Pour accompagner les salariés et vérifier l’absence de fraude au travail détaché européen sur le controversé tunnel du Lyon-Turin, un collectif CGT tente d’y implanter un local syndical. Entre mythe et réalité sur l’emploi dans un grand chantier souterrain, reportage exclusif dans les entrailles de la montagne.

Descente. Les véhicules se sont engouffrés dans l’entrée noire de la descenderie de Saint-Martin-la-Porte, près de Saint-Jean-de-Maurienne. Au bout du tunnel de la descenderie, la galerie de reconnaissance, aujourd’hui en travaux. Dans ce cylindre titanesque où sera reçu le tunnelier qui creusera la suite de la galerie, des ouvriers casqués en gilets jaunes s’affairent sur des ferraillages au sol. D’autres, suspendus dans des nacelles, s’occupent des parois. L’atmosphère est terne, oppressante. Sous la lumière artificielle, entre les machines monstrueuses, les bottes en plastique pataugent dans une boue grise luisante.

Nous sommes le 10 mars 2016. La direction du chantier du tunnel de la ligne à grande vitesse Lyon-Turin a accepté de recevoir un collectif CGT, qui s’inquiète de n’avoir aucun accès à ce grand chantier aux enjeux très politiques. “Ce qu’on demande, c’est un local intersyndical sur place, explique Antoine Fatiga, responsable Transport Cheminots à la CGT et ancien conseiller régional Front de gauche.

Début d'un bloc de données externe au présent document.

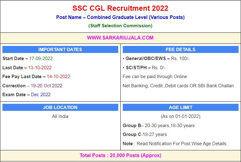 Post Description –SSC Staff Selection Commission is inviting online applications for Combined Graduate Level Posts . Interested people meet all the eligibility criteria, apply online Details Of Recruitment Of SSC CGL Online Form 2022Posts Name – Various Post (Combined Graduate Level) Number Of Posts – 20,0000 Posts (Approx) | |||||
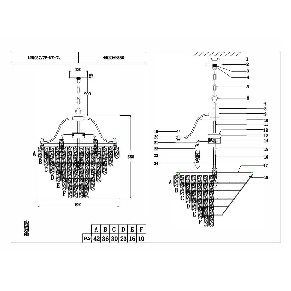 Подвесная люстра Lumien Hall Salvatore LH0037/7P-NK-CL – популярная модель от признанного во всем мире бренда Lumien Hall. – экономичное и безопасное решение для квартиры или частного дома, офисных учреждений и зданий. Осветительный прибор потребляет мало электроэнергии, светит ярко и не мерцает. Прекрасно подойдет в практически любой интерьер. Перед покупкой досконально изучите: описание, фото, характеристики, отзывы покупателей и сертификаты. Модель относится к категории «Подвесные люстры». Подойдет для зала и коридора, но также отлично будет смотреться и в других комнатах или служебных помещениях. Можно монтировать прибор освещения как на обычном, так и на натяжном потолке. Подходит для комнат, как с высокими, так и с низкими потолками. В интернет-магазине «LUMARKT» продается по недорогой цене 39060 руб. с бесплатной доставкой по Москве. Торопитесь сделать заказ!

Pour l’accompagner syndicalement, pour informer les salariés de leurs droits et pour vérifier qu’il n’y ait pas de dérives, notamment de fraude au détachement.” Car la CGT a choisi de faire de la lutte contre le travail détaché illégal un de ses chevaux de bataille ; elle prône l’égalité de salaire et de traitement pour tous les salariés, français ou détachés européens.

Autonomie ou esclavage moderne ?

Pendant la réunion qui précède la visite, le directeur du chantier Spie Batignolles TPCI, Florent Martin, se montre rassurant : même si les conditions de travail sous terre semblent pénibles, les rares accidents qui ont eu lieu sont minimes, les travailleurs présents sont très bien payés et il n’y a quasiment pas de salariés détachés étrangers.

Également invité, David Verdier, représentant CFDT du personnel de Spie Batignolles TPCI. Il travaille sur un chantier proche. Pour ce chef de projet, l’installation d’un local syndical n’aurait aucun sens : “Les délégués syndicaux ne connaissent pas les gens, ni l’histoire de l’entreprise. Je suis contre. Les salariés doivent garder leur autonomie.”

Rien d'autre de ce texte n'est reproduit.